Based on ethnographic data collection over a two-year span of three levels of freshman composition taught at the University of California (UC), Davis, this dissertation adds a structuration analysis of an ESL (English as a Second Language) writing program to the field of second language writing studies. Specifically, this dissertation discusses the following: (1) How did this university's Undergraduate ESL Writing Program happen institutionally and historically; (2) How do the three tiers of freshman writing (ESL, WKLD, UWP) represent underlying ideologies about "who is a student" at this institution; and, (3) How do students who are/were labeled ESL position themselves within this institution of higher learning?
The Undergraduate ESL Writing Program is the first of three freshman composition programs that ESL-labeled students must progress through to acquire their lower division writing requirement at UC Davis. The current curriculum behind the ESL and subsequent writing programs reflects socio-historic language attitudes and policies in California as well as of the institutionalization of standardized writing exams. These attitudes and policies do not value the multicultural and multilingual diversity these students add to the campus such that ESL students feel separate from the rest of the freshman population.

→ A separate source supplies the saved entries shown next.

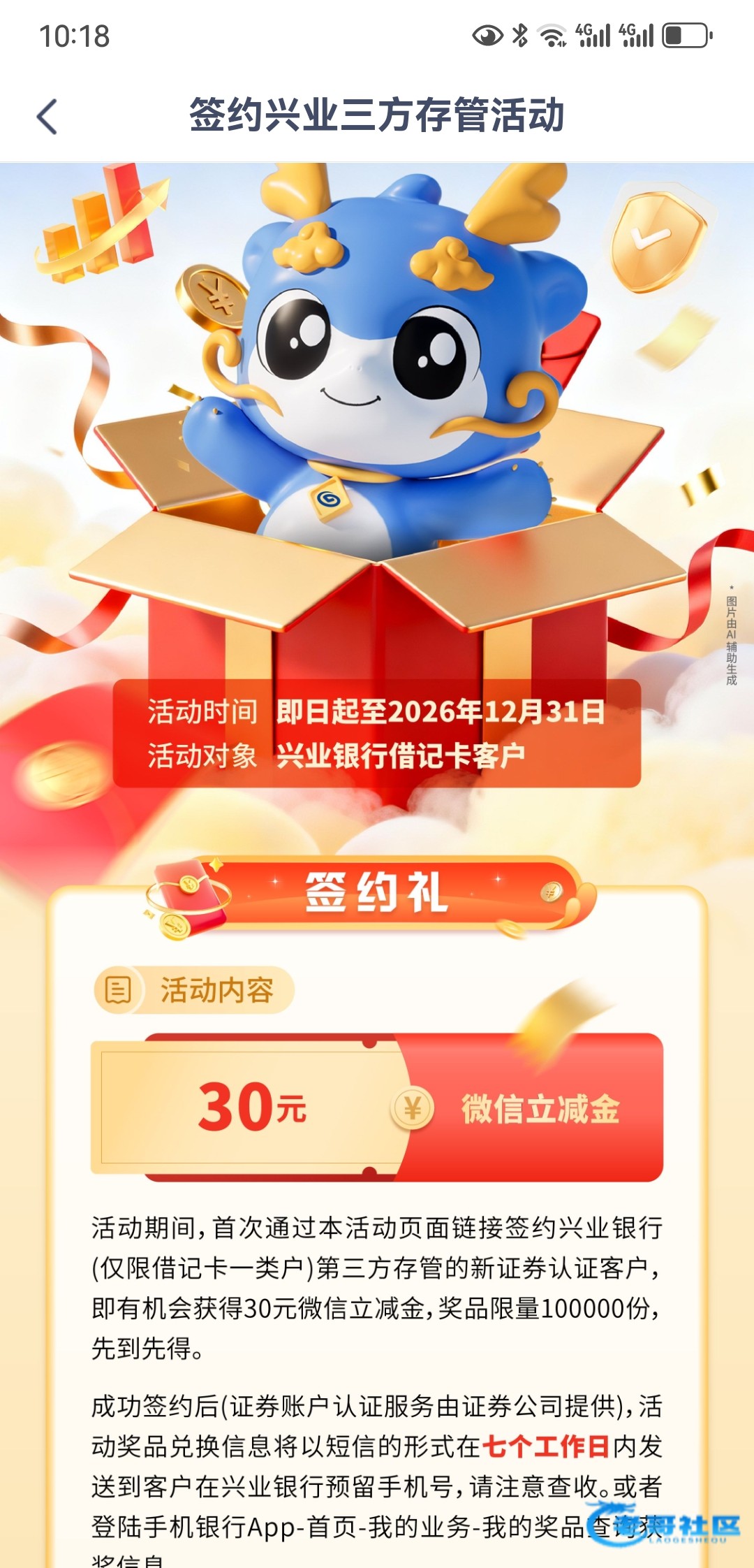 3,兴业签约存管活动,30立减金,这个有点少不如别的银行想弄的弄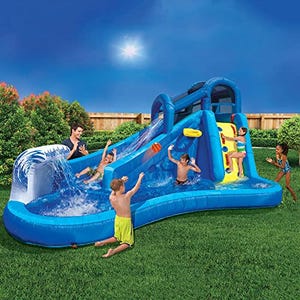 This Banzai Surf N' Splash Water Park drops from $499.99 to $244.09 when you click the on-site coupon at Amazon. Shipping is free. This water park has a climbing wall, slide, overhead sprayer, and a basketball hoop. It comes with an inflatable basketball, blower, and two water bags for extra stability. This set sells at other stores for $500!
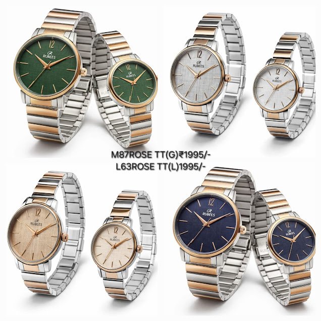 RUBEES M87ROSE TT(G) gents and L63ROSE TT(L) ladies wrist watches with two‑tone silver and rose gold straps, quartz analog movement, and multiple dial colors. Perfect matching watches under ₹2000 with 1‑year warranty.

The data in the dissertation come from several types of qualitative data: (1) interviews of teachers, administrators, and ESL-labeled students; (2) historical web and institutional documents that document changes in attitudes and policy of writing at UC Davis and the University of California system; (3) detailed fieldnotes of classroom observations at all three levels of freshman composition; (4) collections of syllabi, course readers, and class handouts from all three levels of freshman composition; and, (5) my own teacher and researcher notes as participant-observer (instructor, colleague, observer, tutor) in this site over 4 years.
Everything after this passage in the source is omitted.